Après avoir établi les deux motifs d’occupation illégale en vertu du jus ad bellum, l’étude examine un autre motif d’illégalité distinct, à savoir la violation par la Puissance occupante du droit externe à l’autodétermination de la Palestine en tant que territoire sous mandat. Le paragraphe 2 de l’Article premier de la Charte des Nations Unies consacre le droit des peuples à disposer d’eux-mêmes, un principe jus cogens dans le droit international[23] qui impose aux États des obligations erga omnes[24]. Le droit des peuples à disposer d’eux-mêmes a une résonance particulière pour les territoires sous mandat, car il a valeur de « mission sacrée » pour la communauté internationale en attendant l’indépendance totale.

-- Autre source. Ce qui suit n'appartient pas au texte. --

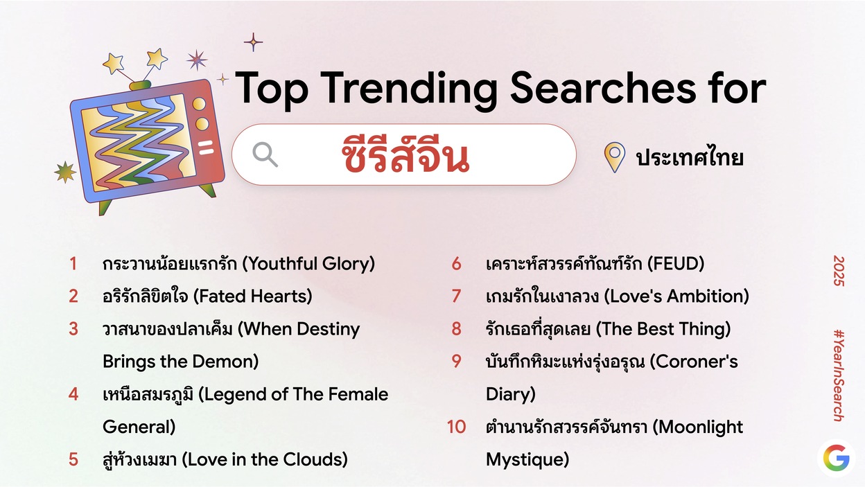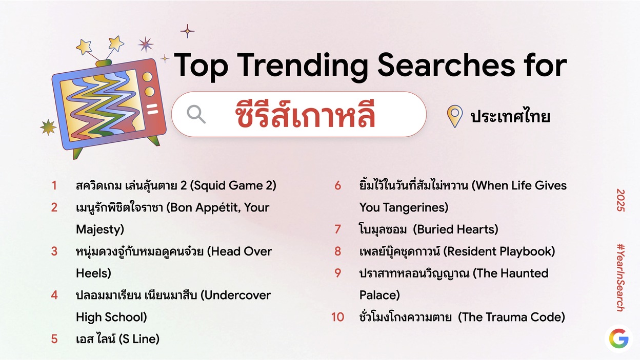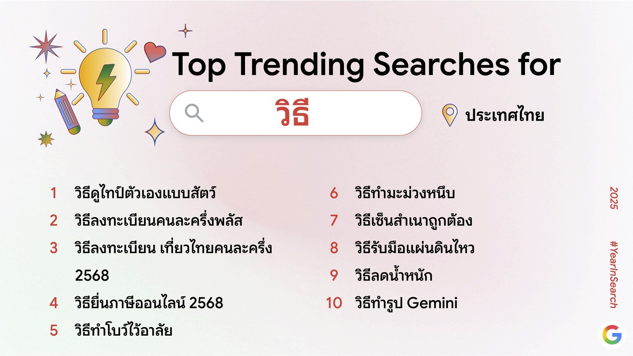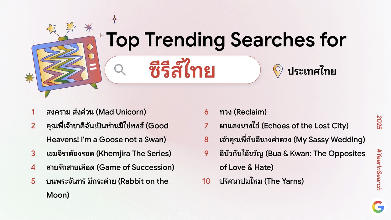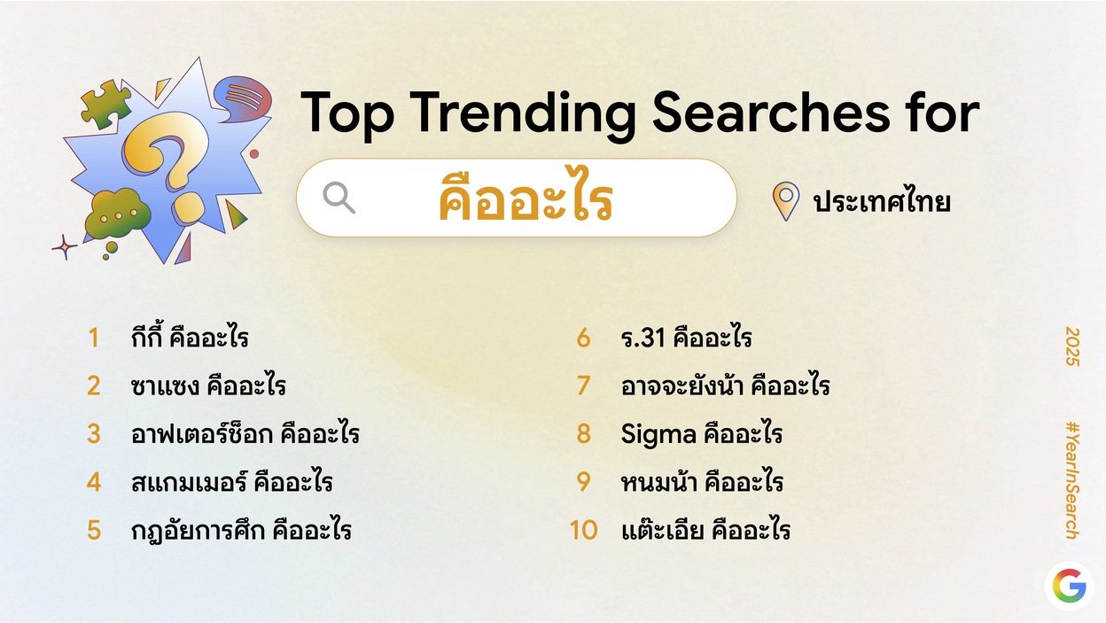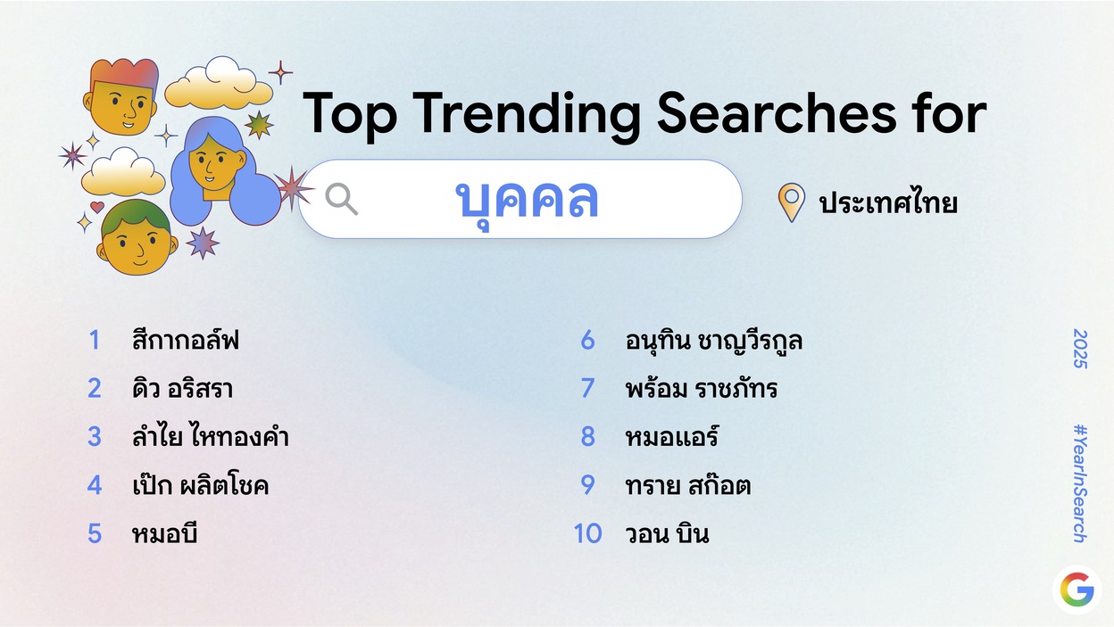 เป็นธรรมเนียมทุกปีที่ Google ประเทศไทย จะเปิดเผยถึงอินไซต์ Year in Search หรือ คำค้นหายอดนิยม เพื่อจะสะท้อนภาพรวมความสนใจของคนไทยตลอดทั้งปี โดยคำค้นหายอดนิยมประจำปี 2568 สิ่งที่คนไทยให้ความสนใจมีดังนี้
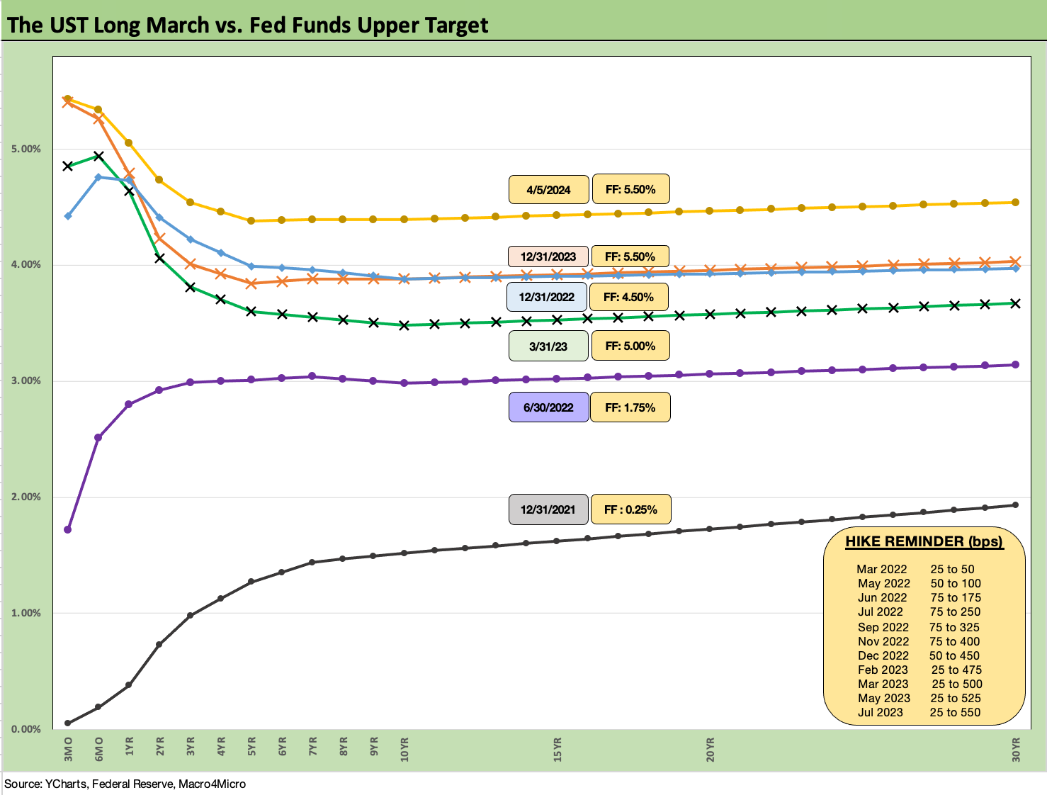 The above chart tracks the journey from the end of 2021 across key time periods in the tightening cycle. The path shows the UST downshift in March 2023 when the regional bank crisis flared up before resuming the path higher to the end of 2023. We include a memory jogger on the dates and magnitude of the FOMC action across the tightening cycle.
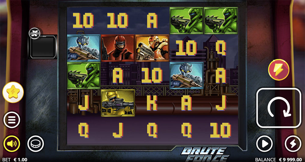 Brute Force’s paytable features low-paying card royals and higher-value armored fighters, with the Orange/Red Armored Fighter paying x20 for five symbols. Wild symbols, specifically the xNudge Wilds, land stacked and nudge into full view, increasing their win multiplier with each nudge. The Scatter symbol is crucial for unlocking the game’s high-potential bonus features.

En tant que tel, le processus colonial ne peut être considéré comme pleinement achevé que lorsque le droit des peuples à disposer d’eux-mêmes a été exercé par les habitants de la colonie[25]. L’avis consultatif rendu dans l’affaire du Sud-Ouest africain fournit l’exemple même d’une occupation illégale d’un territoire sous mandat, considérée par la Cour internationale de Justice comme illégale ab initio. Cependant, alors que le Sud-Ouest africain était un territoire sous mandat, maintenu sous occupation après la fin du mandat, il peut être distingué de la Palestine, qui est un territoire sous mandat maintenu sous occupation belligérante dans le cadre d’un conflit armé international. Néanmoins, si l’occupation est administrée dans le refus de l’exercice du droit du peuple à l’autodétermination externe et à la souveraineté, cela peut également être considéré comme une violation de la « mission sacrée ». Selon les circonstances à l’origine de la violation de l’autodétermination, l’occupation peut être illégale soit ab initio soit ultérieurement.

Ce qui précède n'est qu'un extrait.